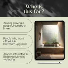 This guide is perfect for homeowners, renters, and design enthusiasts who value self-care, wellness, and beautiful interiors. If you’ve been craving a peaceful escape without leaving home, this digital resource will help you make it happen.
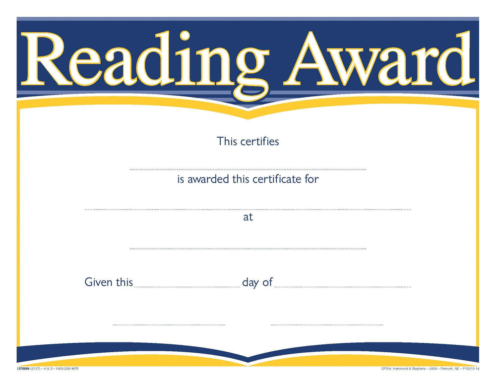 Achieve It! Raised Print Reading Recognition Award, 11 x 8-1/2 inches, Pack of 25
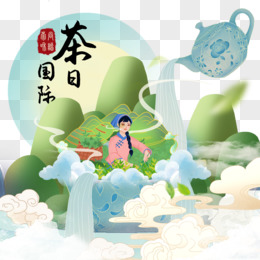 手绘矢量茶盖碗茶叶喝茶工具素材
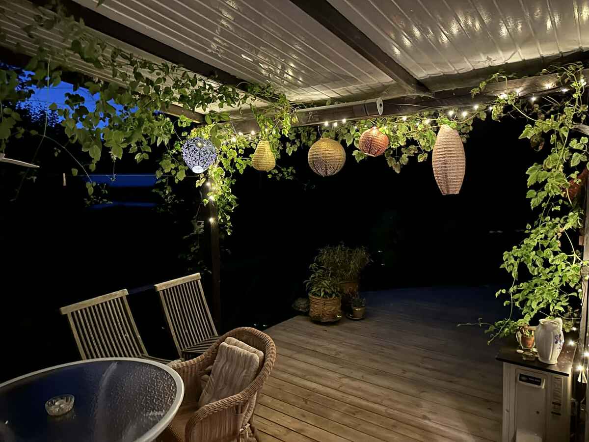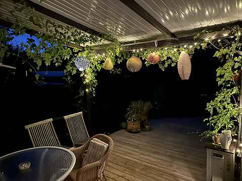 Huset er omkranset af en stor XL-terrasse med udsigt til fjorden og fuld privathed. Den overdækkede del af terrassen har et hyggeligt spiseområde med udekøkken, grill og terrassevarmer – perfekt til lange sommeraftener.

▶ DIRECTIONS
Exactly the lines from the one containing "手绘矢量茶盖碗茶叶喝茶工具素材" through the last line of the data above should be output, both ends included, with every picture left out.

▶ WRITTEN SOLUTION
 手绘矢量茶盖碗茶叶喝茶工具素材
 Huset er omkranset af en stor XL-terrasse med udsigt til fjorden og fuld privathed. Den overdækkede del af terrassen har et hyggeligt spiseområde med udekøkken, grill og terrassevarmer – perfekt til lange sommeraftener.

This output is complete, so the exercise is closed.